Паша не был жадным. Скорее сентиментальным. Он понимал, что квартира в центре Москвы – это такой подарок, что он ничего не пожалеет, чтобы теткина воля была выполнена. Хотя такой воли и не было. Но Паша для себя создал странную формулу: «Если бы тетя Зина была жива, ей бы понравилось». Столько наличных не было, и он пошел собирать деньги.
В квартире, где он был буквально месяц назад, стояло запустение. Ему казалось, что смерть хозяйки чувствуется кожей. Он прошел к секретеру, выгреб все наличные деньги, присел на стул, за которым Зинаида обычно работала, и уставился на папку с надписью «Последний рассказ Сушкина». Он с трудом соображал от горя, но не мог не развязать тесемки. В папке были вырезки из газет и журналов, какие-то статьи и даже справки – видно, рассказ искали всерьез. Привлекла Пашу только записка, написанная рукой тети:
«Я давно мечтала познакомиться с Савелием Сушкиным, но мне удалось это сделать только за две недели до его кончины. Он был и писателем, и актером, щедро расточал свое дарование. Поэтому у него постоянно были съемки, а в свободное время он писал. Встретиться раньше мы нигде не могли, может быть, только на премьерах его фильмов, но меня туда не приглашали, а я особенно и не рвалась, так как считаю кино скорее забавой, чем творчеством.
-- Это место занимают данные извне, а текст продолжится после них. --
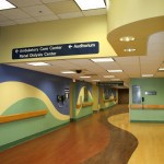 The hospital wanted the rear entrance to be distinct from main front entrance of the hospital. This corridor serves mostly out-patients and the elevator lobby for the rear of the hospital building, called the Tower Building.

Встретились мы на квартире Леши, профессия которого – быть со всеми знакомым, особенно с влиятельными и знаменитыми людьми. Кроме Сушкина с женой-актрисой был еще начальник Спасо-Преганьковского кладбища. Вопреки обычному представлению об этой профессии, он оказался интересным и обаятельным человеком с хорошим чувством юмора. Одет он был в прекрасный костюм из черного бостона, сказал, что это у него форма такая: всегда могут позвать к клиенту. Все шутили: если что, у нас хорошее знакомство. И он отвечал с юмором: мол, милости просим. Кто бы знал, что это так быстро перестанет быть шуткой!
Савелий Макарович выглядел постаревшим и усталым. А может быть, мы привыкли видеть его в кино в гриме? Но в жизни он был интереснее.
Говорили о литературе, музыке и кино. К сожалению, Савелий Макарович много пил. Его жена безобразно одергивала его и унижала. Выпив, Сушкин обещал дать мне первой прочитать свой следующий рассказ. Я сочла бы за честь стать его первым редактором и критиком, но этому не суждено было случиться.
Директор Спасо-Преганьковского кладбища через неделю заходил к Сушкину, и начало рассказа он видел, в том рассказе и про нас написано. К сожалению, когда Сушкин погиб, рассказ в его бумагах найти уже не удалось. Может быть, его уничтожила жена Сушкина, которая была показана не в лучшем свете? А возможно, Сушкин его отдал кому-то или отправил по почте в редакцию журнала. Я обошла все крупные журналы. Из литературных журналов мне даже справки дали, что рассказ не получали.
Дорогой Паша! Если ты это читаешь, значит, меня уже нет в живых. Попробуй приложить свой светлый ум и журналистский опыт.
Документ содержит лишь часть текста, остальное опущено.